Gold continues to confound, dropping another $25 an ounce this morning as technical and computer-driven program trading triggers selling on U.S. derivative markets, all despite favorable fundamentals and what should be seen as favorable economic and geopolitical developments.
Gold Lower Despite Bullish News
This morning’s dispatches from India and China, the two biggest gold-consuming nations, report that demand in these markets continues unabated . . . and coin dealers report still-strong retail demand for bullion coins and small bars in the Western markets.
News from the Middle East — Israel’s air strikes on Syrian targets and the rising potential for an escalating conflagration — in days of yore would have been sufficient to send gold prices skyward.
Meanwhile, this morning’s news from the Australian central bank that it was cutting its key policy rate to a record low, following last week’s rate cut by the ECB, and Fed Chairman Bernanke announcement that America’s central bank stands ready to step up its monthly bond purchases if the economic environment remains questionable — these monetary-policy moves taken together along with similar easing by other central banks — suggest the global economy may be entering a “competitive devaluation” “beggar thy neighbor” competition in which the only real winner will be gold.
The underlying gold-market theme in recent days, weeks, and months has been and continues to be selling of paper gold derivatives, including gold ETFs and futures, and over-the-counter dealer and interbank trading in Western markets and, all the while, strong physical demand for bullion products and investment-grade jewelry mostly in Eastern markets.
The Paradox Explained
Importantly, much of the activity in dealer and interbank trading goes unreported — with selling and “high-frequency trading” by the “dark pools” of liquidity at crucial chart points in order to trigger and profit from the bigger waves of selling that follow.
Much of this undercover activity is made possible by the Fed’s near-zero interest rate policy.
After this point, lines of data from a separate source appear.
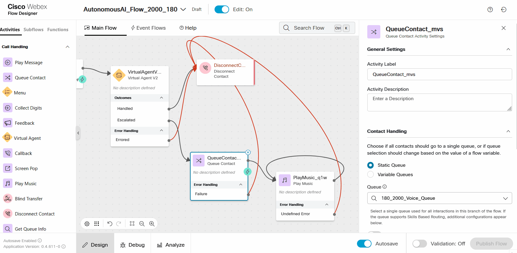 Connect the Failure path from the Queue Contact activity to the Disconnect Contact activity.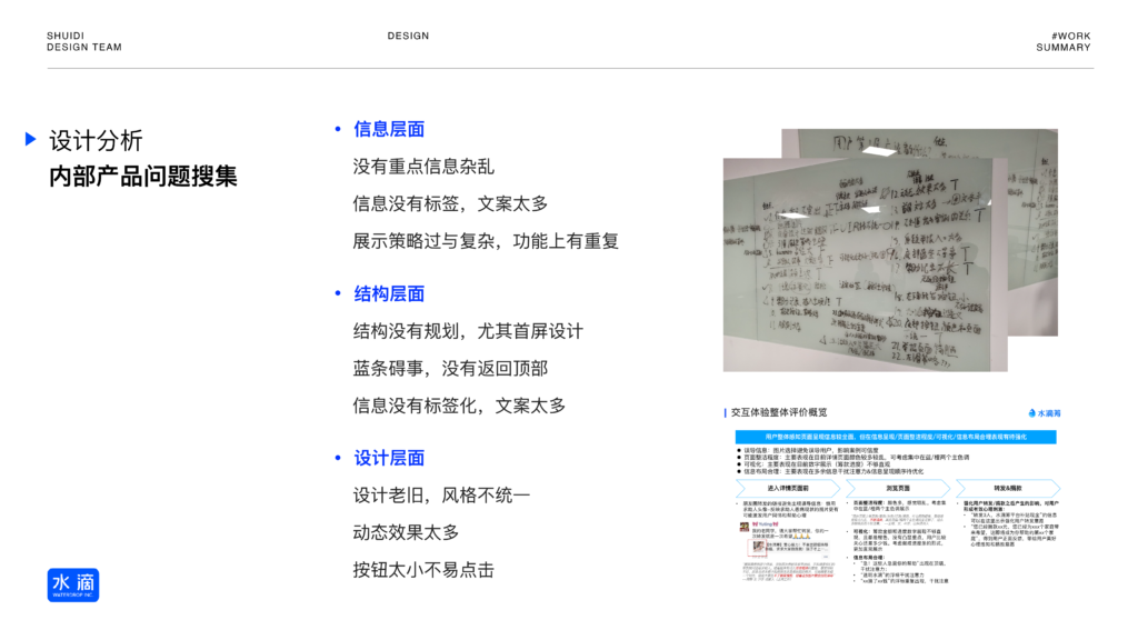 • 视觉噪音干扰:页面颜色较多较杂,品牌心智模糊。原有的“透明水滴”浮标等元素重复出现,干扰了用户的注意力流 。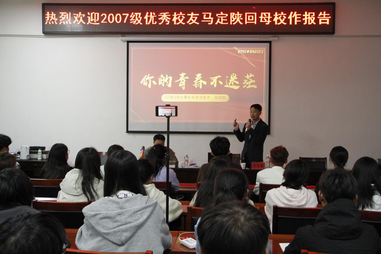 本网讯(郭康达/文 李栋/图)10月30日晚,2007级杰出校友、市中小民营企业发展促进会秘书长、亿农苗木花卉交易中心董事长马定陕应邀回天游ty8线路1线路2检测中心人工智能与软件工程学院作题为《你的青春不迷茫》的专题报告。报告会在张衡楼202会议室直播,2024级全体新生参与。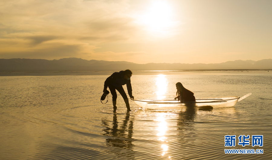 夕陽下的茶卡鹽湖。新華網(wǎng) 潘彬彬攝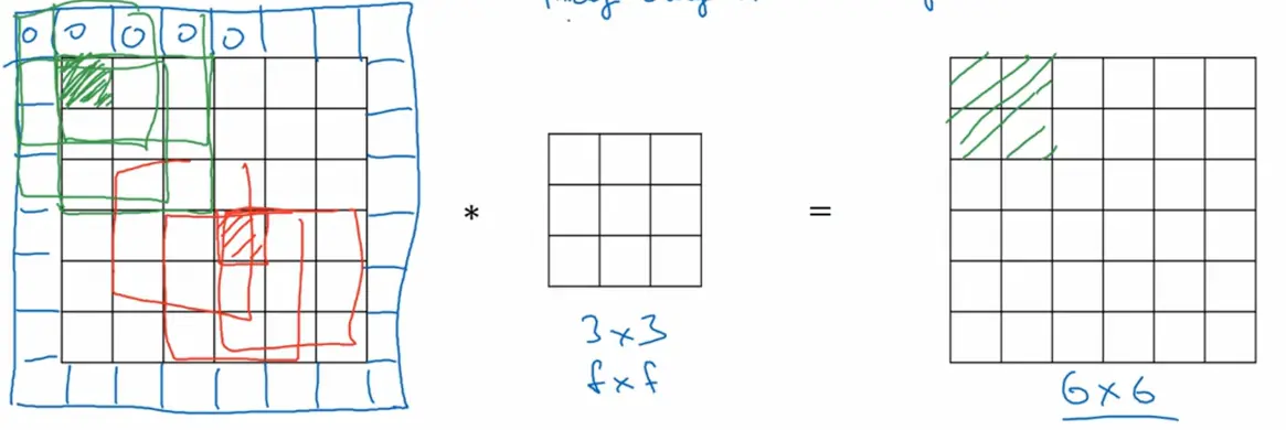 过滤器有个缺点就是会把矩阵的大小减少,使用 Padding,将图像周边都填充0,就可以解决这个问题: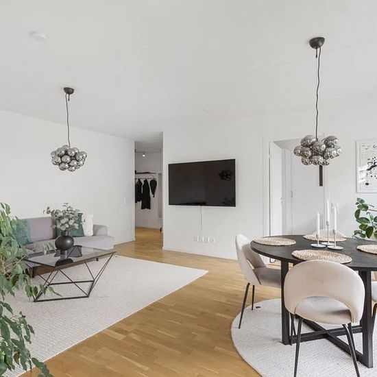 Hello! I am renting out my bright and well-planned apartment in Jakobsberg. The residence is approximately 82 sqm and is located on the third floor. It has an open floor plan between the kitchen and living room with access to a balcony, which provides nice natural light and a spacious feel. The apartment offers three bedrooms, which is suitable for a family or for you who need an extra room, for example, as an office. There are also two toilets and a large bathroom equipped with a washing machine and dryer. The kitchen is fully equipped wit...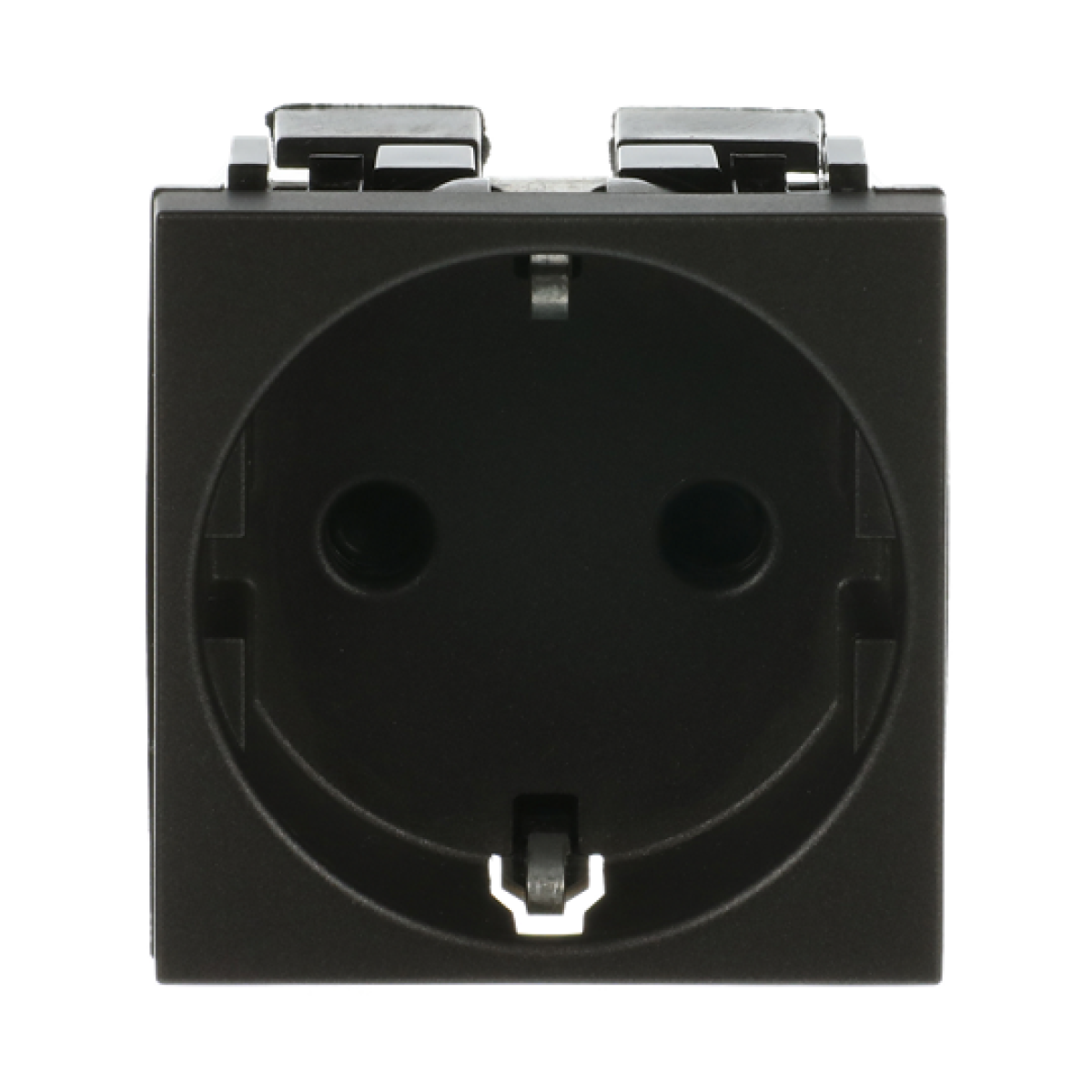 Color: Anthracite. Rated voltage: 250 Vac Rated current: 16A Type F: 2P + E Shuttered for child safety Screwless terminals Size: 2 modules.

The dealers and traders that comprise these dark pools are so profitable precisely because their cost of money is so low and the availability of liquidity is seemingly unlimited.
Indeed, this machine-driven trading activity at least partly explains the paradoxical failure of gold to move higher — as should be expected during a period of super-accommodative, highly reflationary, monetary policies pursued by the Fed and other major central banks around the world.
While some of this low-cost liquidity is funding the “bubble” on Wall Street, along with some small recovery in the U.S. housing market, and even strong physical gold demand around the world, it is also funding this dark pool trading activity that has been pressuring gold to incrementally lower price levels.
If this were a sic-fi movie it might be titled “Invasion of the Machines.” And, just like the movies, the good guys — those with patience who have trusted the long side — will win in the end.